マルセル・デュシャン「大ガラス」私的解釈
マルセル・デュシャン「大ガラス」
「彼女の独身者によって裸にされた花嫁さえも」(いわゆる:大ガラス)は、1915年-1923年の8年の制作期間にわたって制作されたマルセル・デュシャンの未完成のオブジェである。

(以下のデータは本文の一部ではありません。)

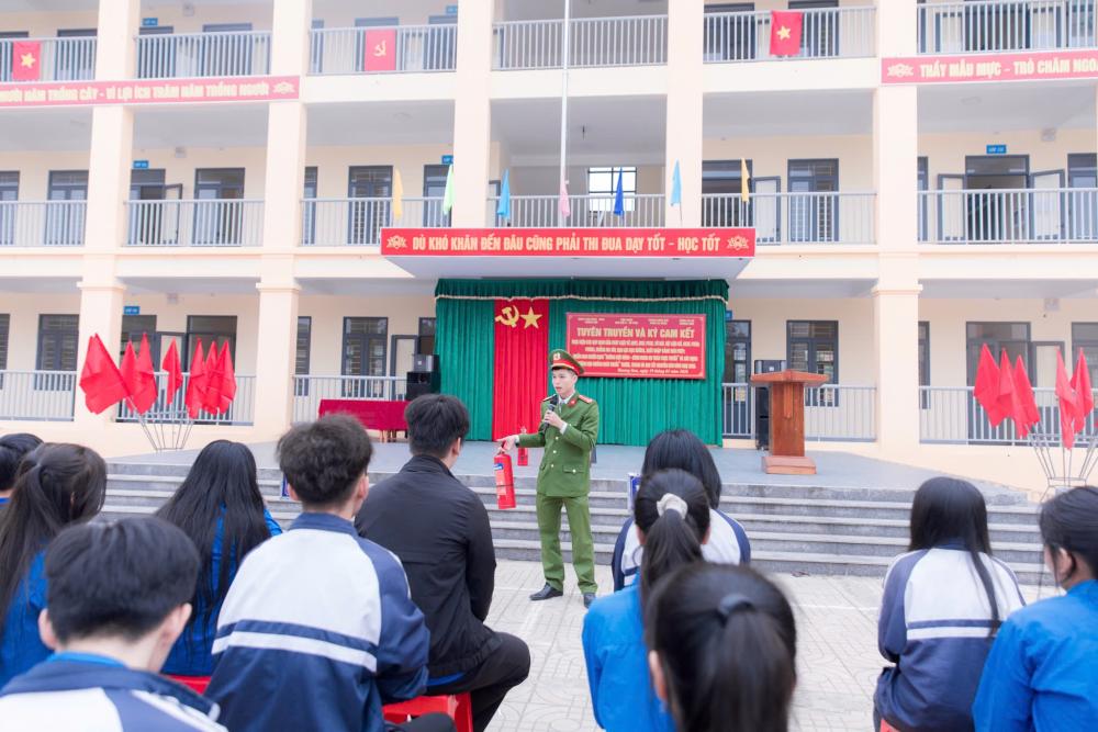 Trong không khí nghiêm túc nhưng gần gũi, buổi tuyên truyền đã mang đến nhiều nội dung thiết thực, sát với đời sống học đường như: quy định của pháp luật về an ninh trật tự, an toàn giao thông, phòng cháy chữa cháy và cứu nạn cứu hộ; công tác quản lý vũ khí, vật liệu nổ, pháo; phòng, chống ma túy, bạo lực học đường; cảnh giác với tội phạm công nghệ cao và xuất nhập cảnh trái phép.

この作品は、鉛の箔、ヒューズ線、埃などの素材と2つのガラスパネルを使って制作されたものであり、偶然の要素(ヒビや塵)、透視図法、繊細なまでの職人芸的な技術や物理学、言語学的な要素が集約された非常に複雑な作品と言われる。大ガラス-未完のまま、チェスに転向したといわれるデュシャンだが、彼にとって、そのチェスは*造形的理論問題の原点であったといわれる。
そして、
それには、多様な解釈がある。
デュシャンは、私たちが「男」または「女」として、社会から記号化された存在と考えた。
そして、「大ガラス」は、私たちが「男」または「女」といういずれかの性の記号を背負うことによって、相互に疎外される存在であることを表現している。
デュシャンの「大ガラス」は、「男」「女」の欲望のメカニズムを、永遠に隔てられ、交わることのない位相の運動体化されているといわれる。
*造形的理論問題の原点:従来の絵画や造形のそれとは異なり、脳内で展開される無数のチェスの手のパターンのような、数学や幾何学も駆使した作品分析をおこなう、高次元な造形に対する形態を表す。